In an alternative system, an ANE software library is used in or accessed through a dedicated controller module, and may also be processed in other non-automotive applications such as, for example, by systems that suppress noise from aircraft, heating and ventilation or manufacturing processes.

A further cost savings can be achieved by dual usage (e.g., sharing) of microphones/sensors for ANE and for other audio applications such as hands-free processing, speech recognition or in-car/seat-to-seat communications. The positions and specifications of these sensors may be jointly optimized for all applications that use them.

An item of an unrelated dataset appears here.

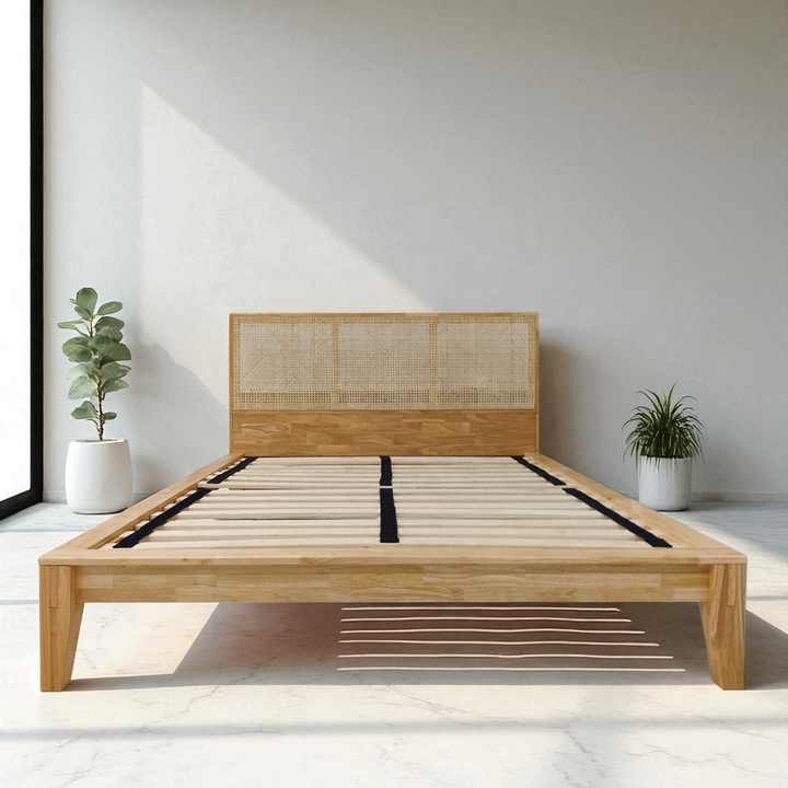 OEM/ODM Bedroom Furniture Rubberwood Platform Bed Frame Queen Size Japanese Joinery Tool-Free Setup Wooden Bed Vietnam-Made
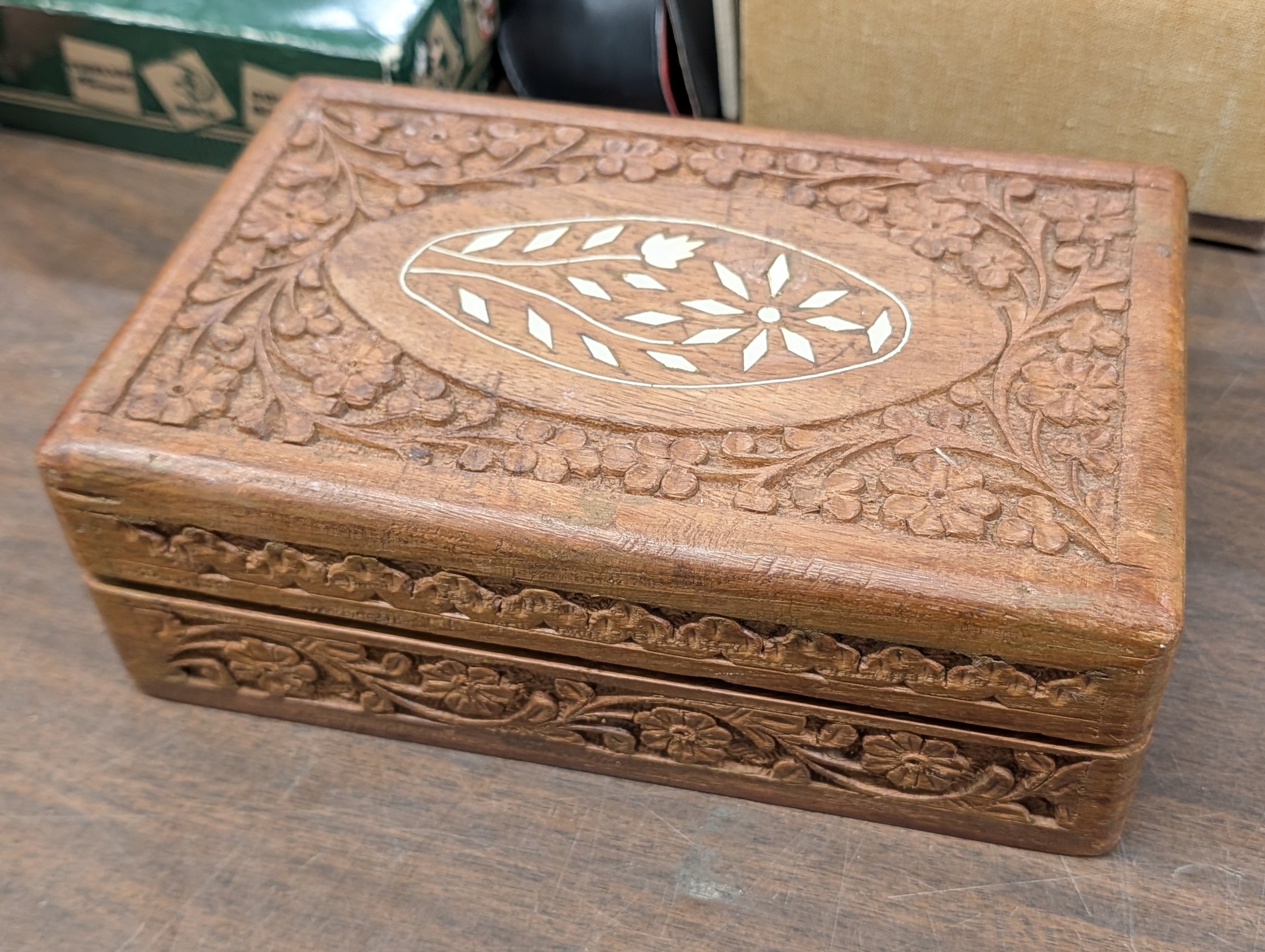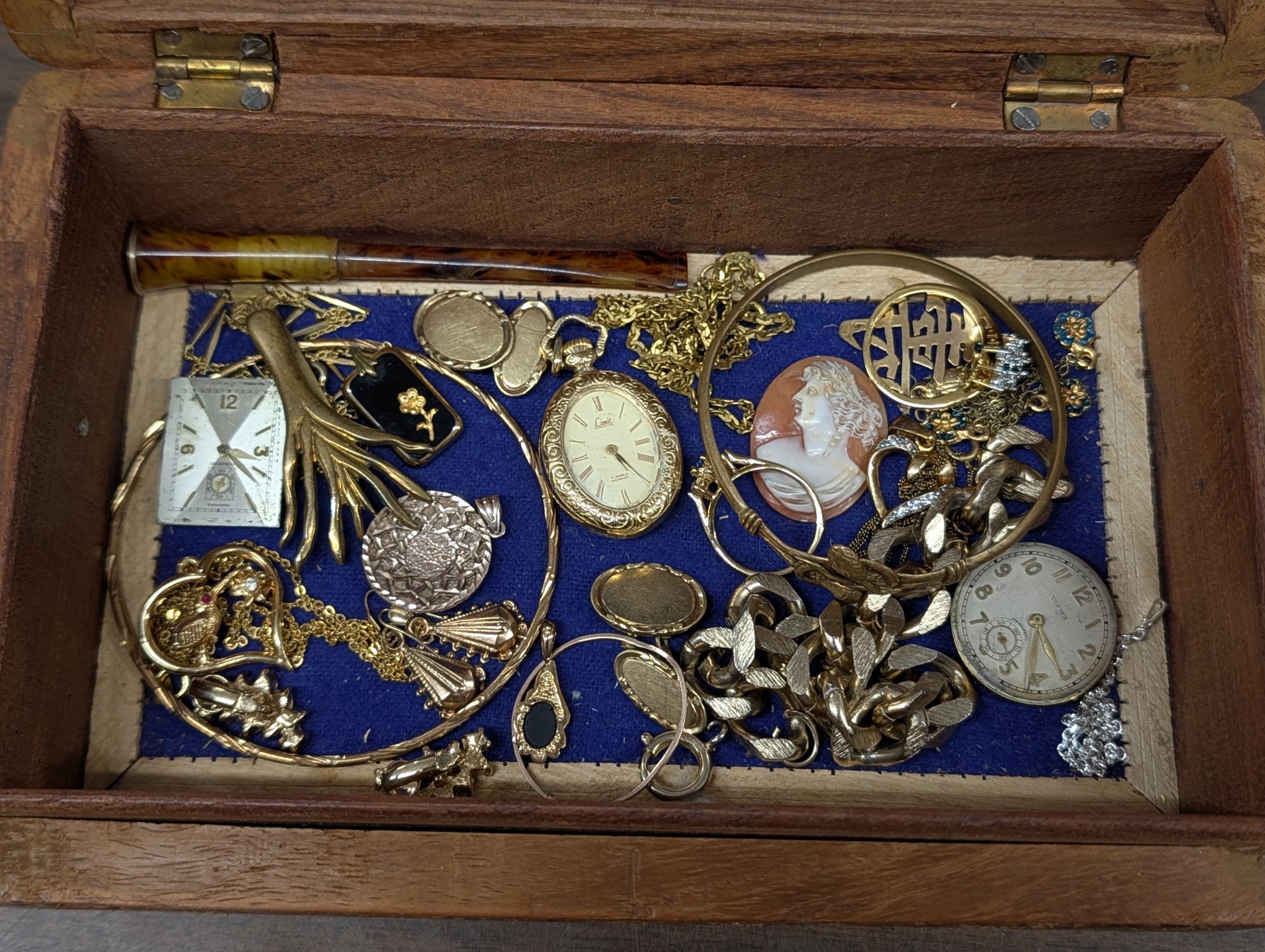 An Assortment of Vintage Costume and some gold filled Jewellery and Watches in a Carved Wooden Box

The system and method for active noise equalization may comprise a complex-domain formulation of a multiple-frequency multiple-channel ANE with a reduced memory and computational footprint. FIG. 2 is a schematic representation of a single-frequency single-channel system for ANE 200. For a single-frequency system, a noise model generator 202, or complex tone generator, may generate a complex reference signal, or noise model 214, x(n)=A exp(iωn) that is constructed from both real (i.e., cos(ωn)) and imaginary (i.e., sin(ωn)) components. Similarly, a multiple-frequency system with M frequencies may contain M complex noise models 214, x_m(n)=A_mexp(iω_mn), where m=1, 2, . . . , M. Secondary path transfer functions S(ω) 208 from each of K outputs/actuators to each of J error microphones, for example, estimated Ŝ(ω) 204 using the random noise injection method, may be computed or “calibrated” offline in a tuning or integration phase. The estimate of the secondary path transfer function 204 may then be transformed offline, either internally or externally to the ANE library, into the frequency-domain using a transform such as a Fast Fourier Transform (FFT) or Discrete Fourier Transform (DCT). ANE for automotive engine noise may only be needed in a limited frequency range, for example, between about 40 Hz and about 80 Hz. Thus, the output of the frequency transforms of the estimate of the secondary path transfer function 204 may be discarded outside of a frequency region of interest. For example, if a 256-point FFT is computed on the estimate of the secondary path transfer function 204 sampled at 1 kHz, the frequency region of interest will contain 256*(80−40)/1000≈10 frequency bins. Assuming single precision floating-point values for the complex FFT spectrum, i.e. 8 bytes per complex value, the storage required for a system with J=3 and K=4 is 3*4*10*8=960 bytes. This represents a factor of 5 in memory savings compared to storing the estimate of the secondary path transfer function 204 in the time-domain. Also, unlike the conventional approach, there is no need to store past values of the input signals to the secondary path filters, as will be seen below.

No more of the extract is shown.